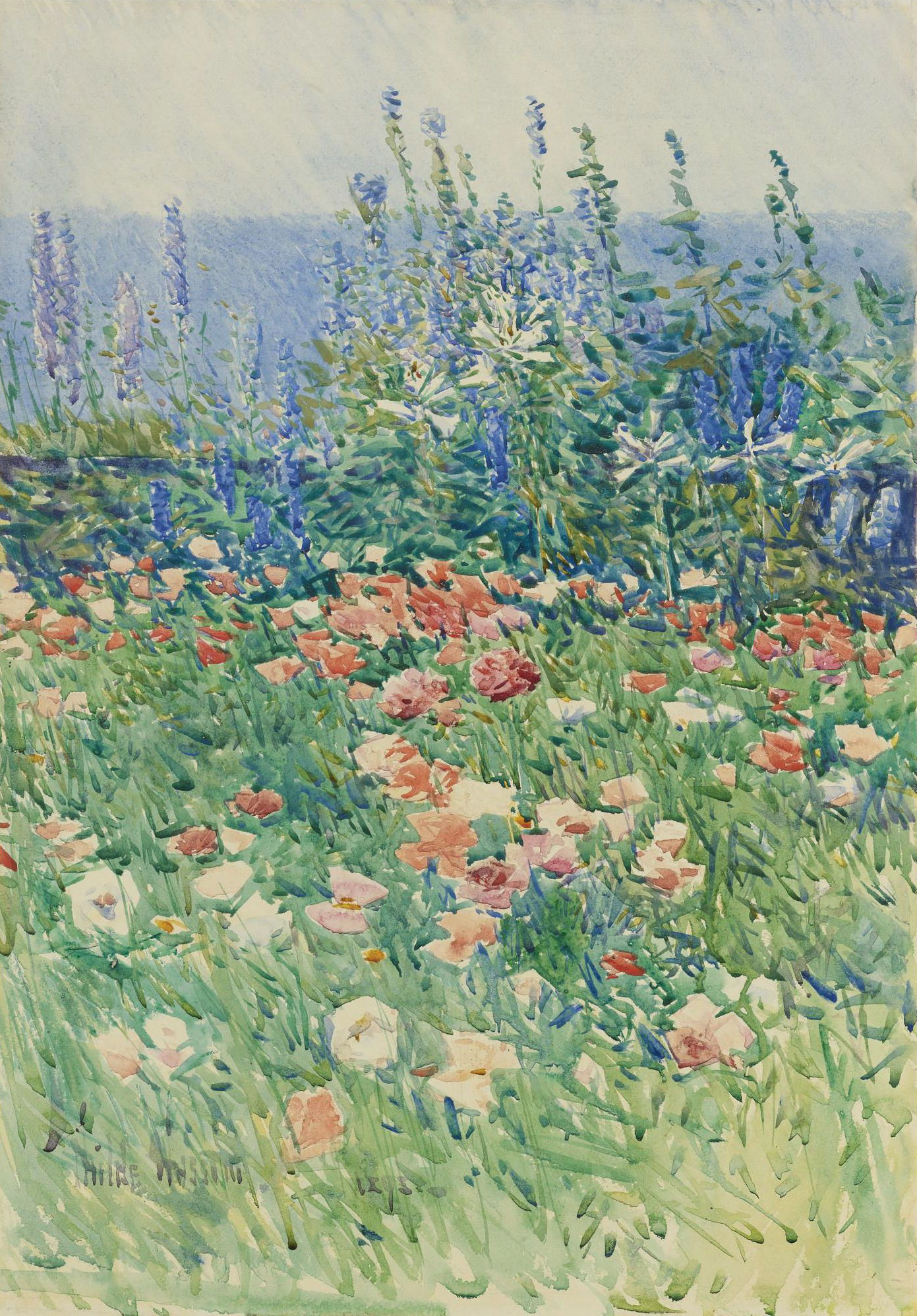 Delve into the rich visual tapestry of Flower garden isles of shoals 1893, a masterpiece crafted by Frederick Childe Hassam. This artwork vividly brings to life the subjects of Landscape painting. It is rooted deeply in the expressive techniques of the Impressionism style.
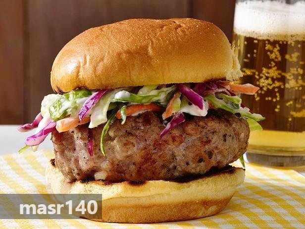 • وقومي بإعداد الساندوتش كالتالي، ضعي الكاتشب والمايونيز على الخبز ومن ثم ضعي كمية بسيطة من الخس الكابوتشا ومن ثم البرجر وفوقه شريحة من شرائح الطماطم الطازجة وفوقها شرائح من البصل، وقدميه ساخنا.
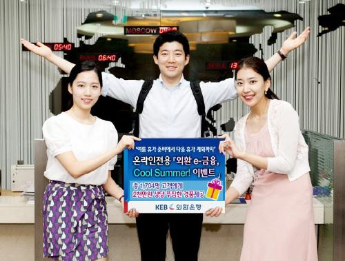 외환은행(은행장 윤용로/www.keb.co.kr)은 여름 휴가 시즌을 맞아 해외여행을 준비하는 고객들을 위한 온라인 전용 '외환 e-금융, Cool Summer! 이벤트'를 8월 30일까지 진행한다고 9일 밝혔다.
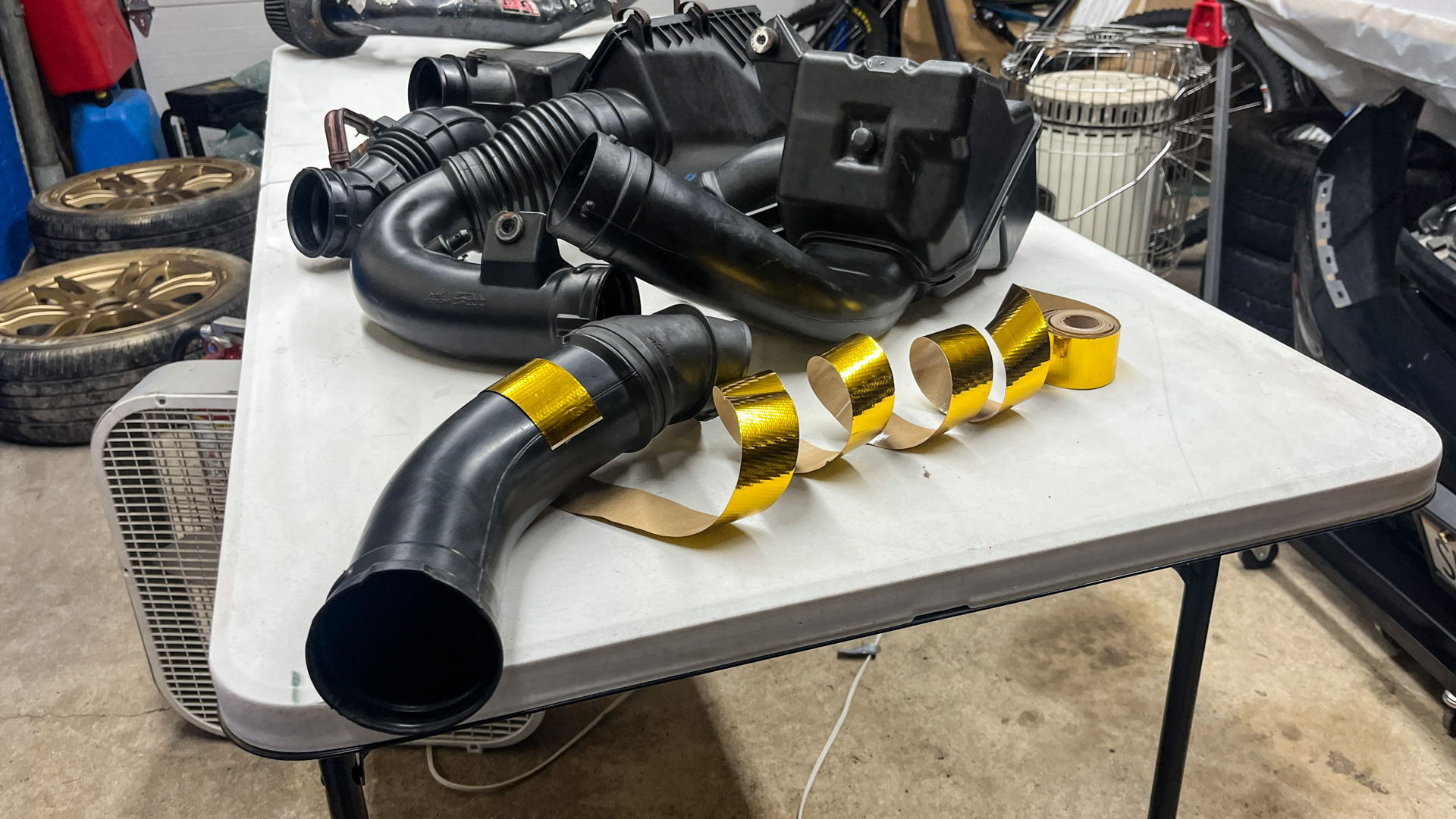 After deep-cleaning the stock intake pieces with WD-40 Brand products, cotton swaps, and degreaser wipes, it looked a lot sharper than it’d come from the junkmongers. To elevate the look beyond factory-fresh, I copied a page from colleague Chris Rosales’ school of tuning and wrapped the hard pieces in heat-reflective gold tape.
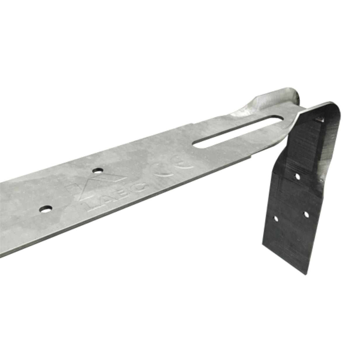 The Simpson Strong-Tie Light Engineered Restraint Strap which measures 600 x 1.5mm (L x T) is made from pre-galvanised steel. The material is known for its formability and resistance to corrosion hence austenitic steels are the most widely used grade of stainless steel. This is a direct replacement for traditional 2.5mm thick restraint straps as the innovative design of these lightweight straps allows ease of handling and installation whilst maintaining the structural strength and robustness of much heavier weight types. The LES (light engineered strap) replaces traditional light restraint straps in roof construction. The LES straps are less than 40% of the weight, quicker to fit, and overcome many fixing problems associated with traditional heavy straps. The LES is designed for vertical applications with the bend at 100mm.
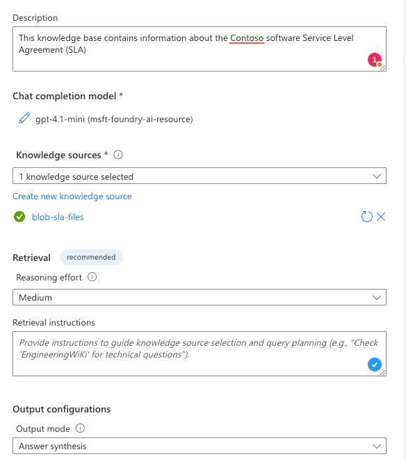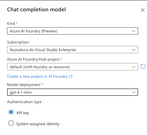 Durante a criação da Knowledge Base, precisamos selecionar qual modelo de chat completions do Microsoft Foundry será utilizado. Aqui, vamos selecionar o gpt-4.1-mini que fizemos deploy anteriormente.
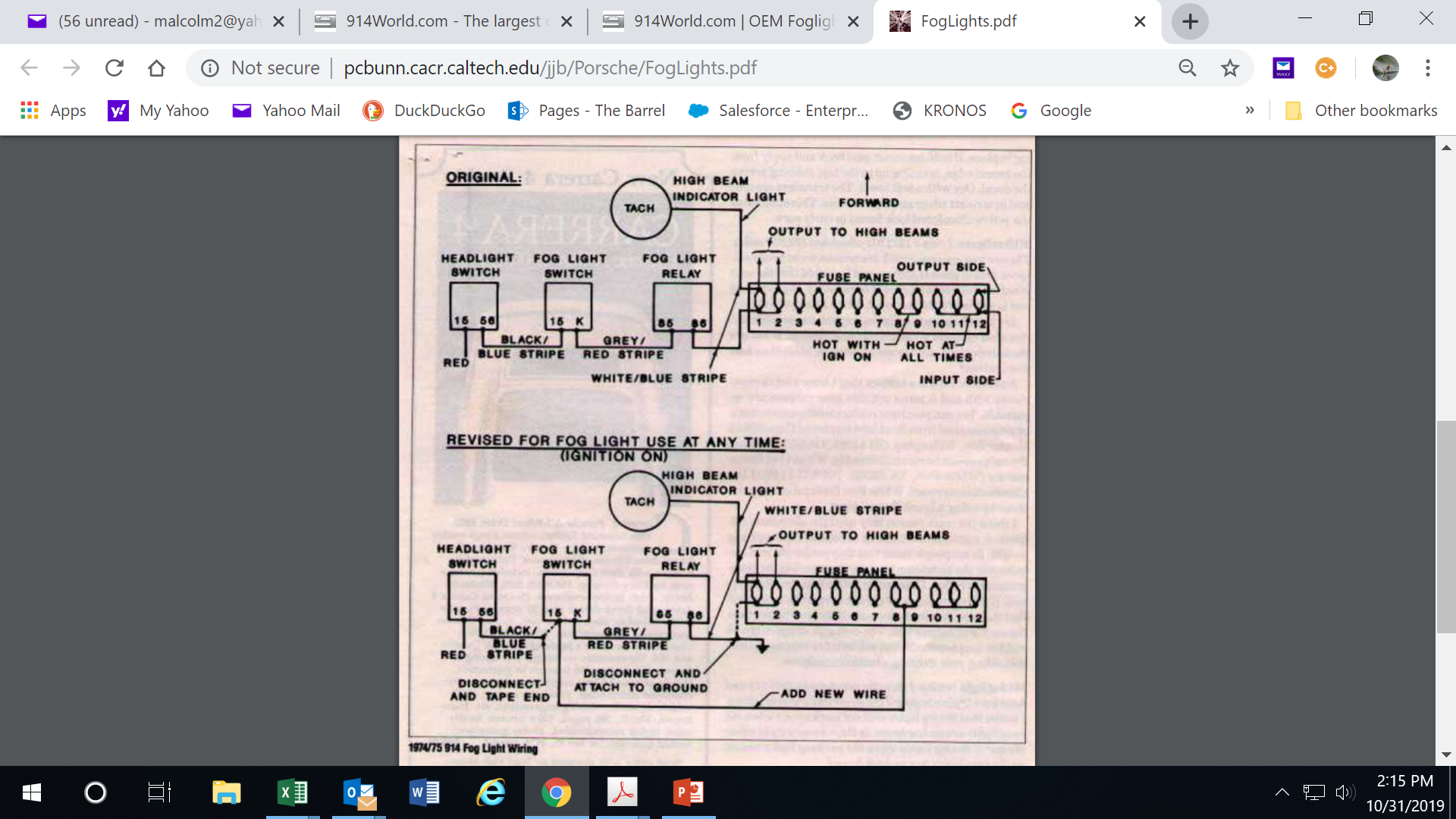 I would like to get the fog lights working on my 1976 914 and would appreciate any help from the community. Car had AC but that was removed before I got it. All other lights work fine and car runs well.
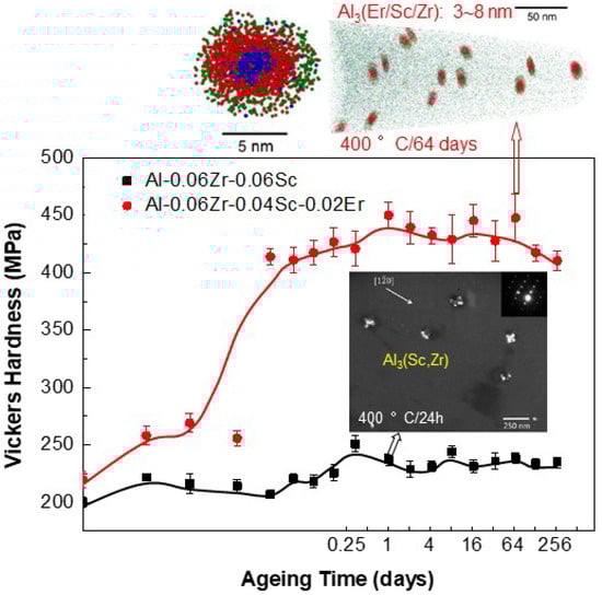 Variation of Vickers hardness of Al-Zr-Sc-Er alloys with the aging time at 400 °C, in which the precipitate morphologies of coherent Al3(Sc,Zr) after aging 24 h and Al3(Sc,Zr,Er) after aging 64 days are also presented [50].
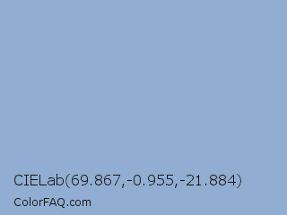 CIELab 69.867,-0.955,-21.884 Color is a light blue color and the nearest color is Polo Blue #8da8cc. Hex code #91add2 and RGB value is rgb(145,173,210). In RGB color space, this color is composed of 57% red, 68% green, 82% blue, In CMYK color space, this color is composed of 31% cyan, 18% magenta, 0% yellow , 18% black , In HSL color space, this color has a hue angle of 214° , 42% saturation and 70% lightness.
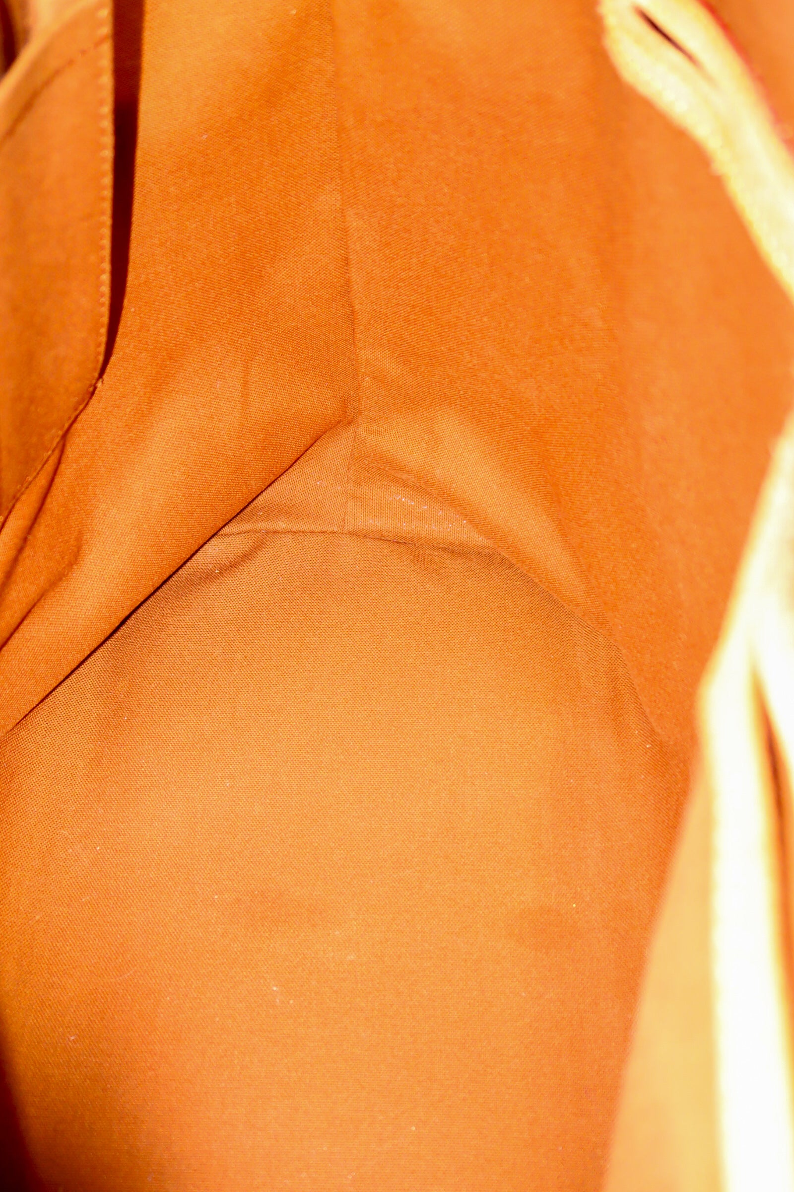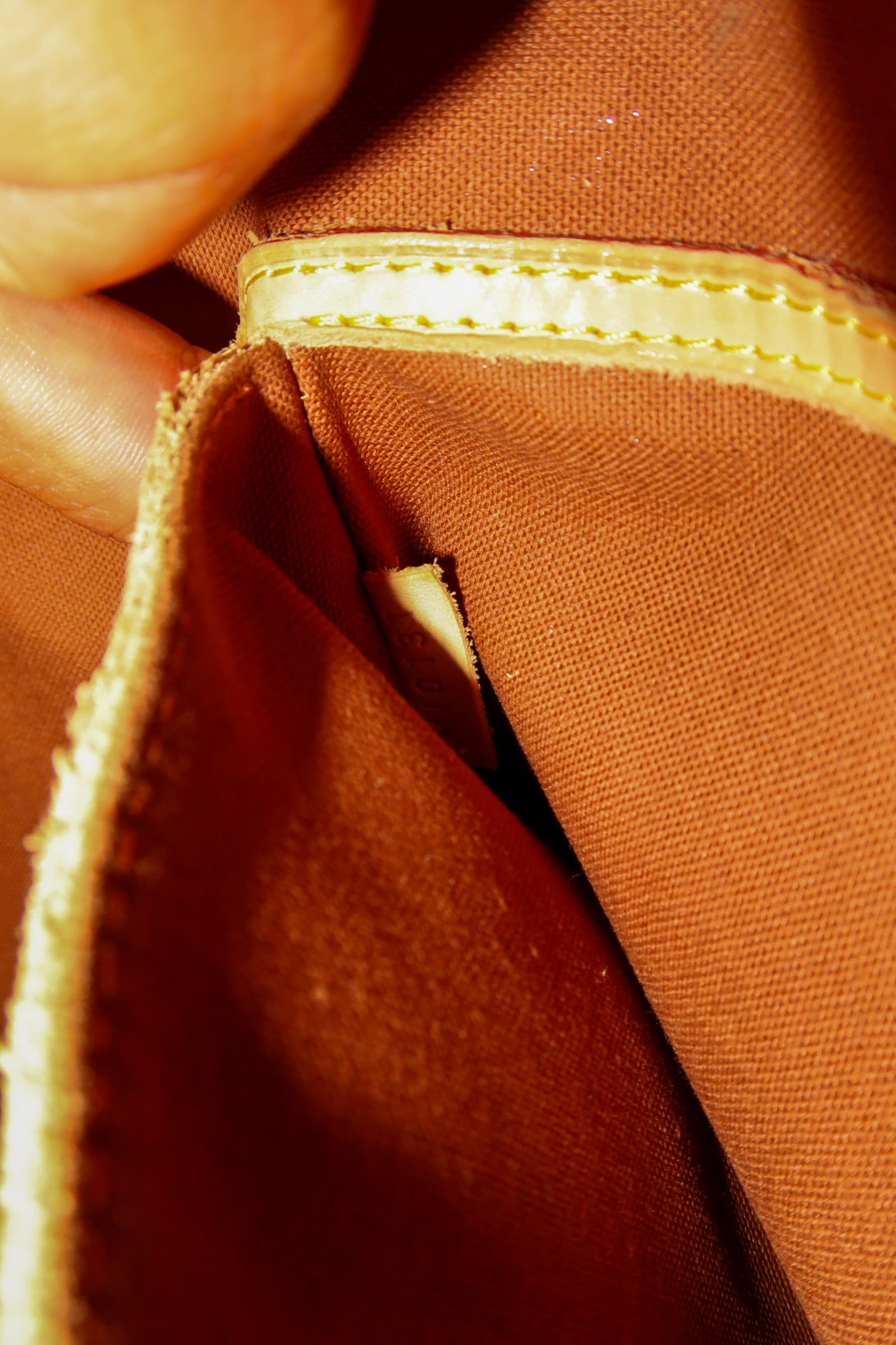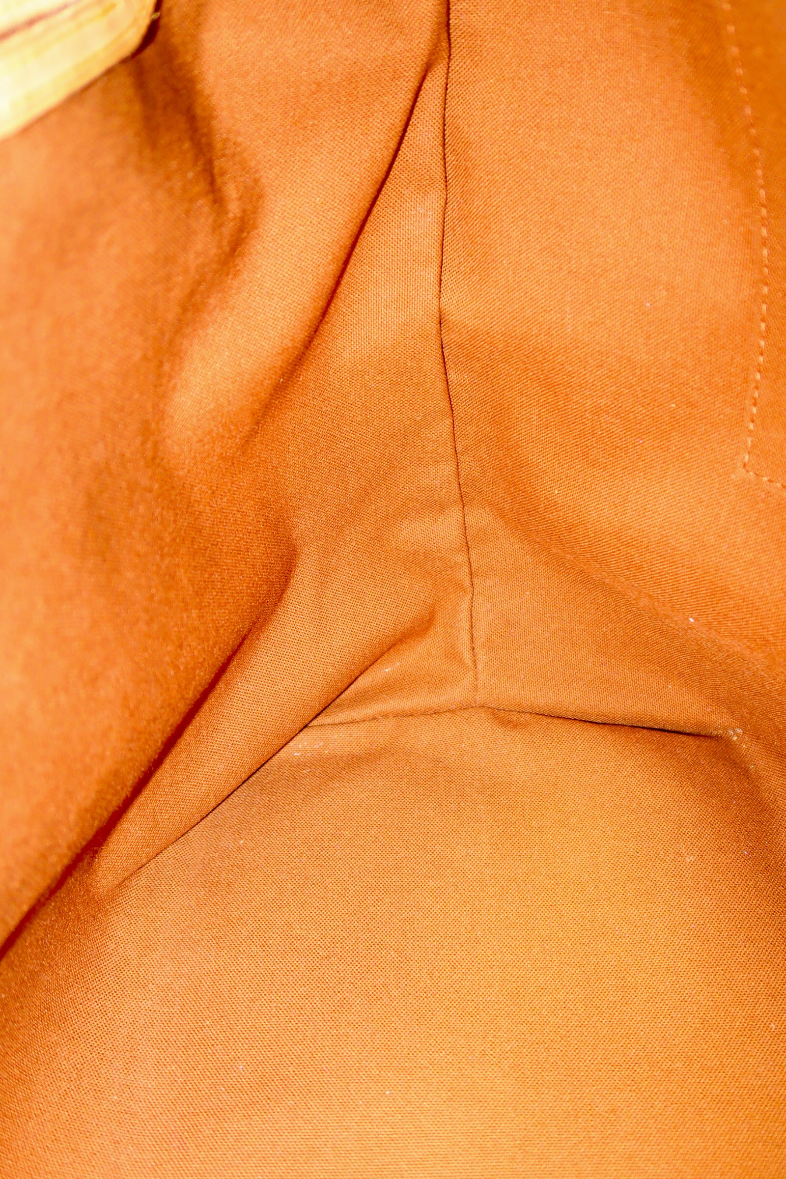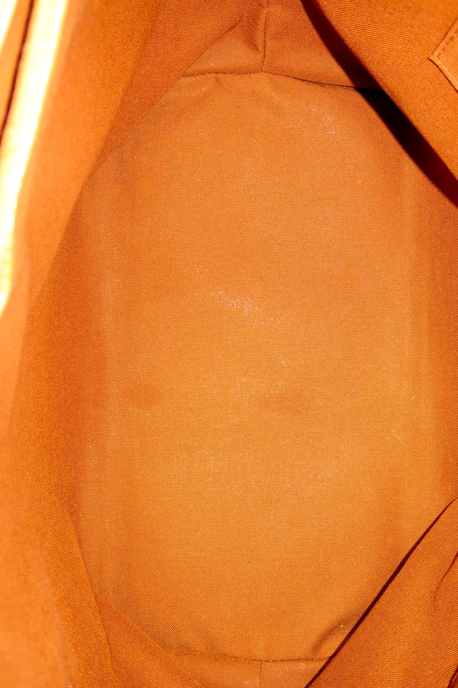 Interior: Clean brown canvas lining with minimal signs of wear, 2 stains visible stains in bottom of bag

» **Task details**
Keep pictures out and return the lines from the one containing "Variation of Vickers" through the end of the listing, both included, character for character.

» **Result**
 Variation of Vickers hardness of Al-Zr-Sc-Er alloys with the aging time at 400 °C, in which the precipitate morphologies of coherent Al3(Sc,Zr) after aging 24 h and Al3(Sc,Zr,Er) after aging 64 days are also presented [50].
 CIELab 69.867,-0.955,-21.884 Color is a light blue color and the nearest color is Polo Blue #8da8cc. Hex code #91add2 and RGB value is rgb(145,173,210). In RGB color space, this color is composed of 57% red, 68% green, 82% blue, In CMYK color space, this color is composed of 31% cyan, 18% magenta, 0% yellow , 18% black , In HSL color space, this color has a hue angle of 214° , 42% saturation and 70% lightness.
 Interior: Clean brown canvas lining with minimal signs of wear, 2 stains visible stains in bottom of bag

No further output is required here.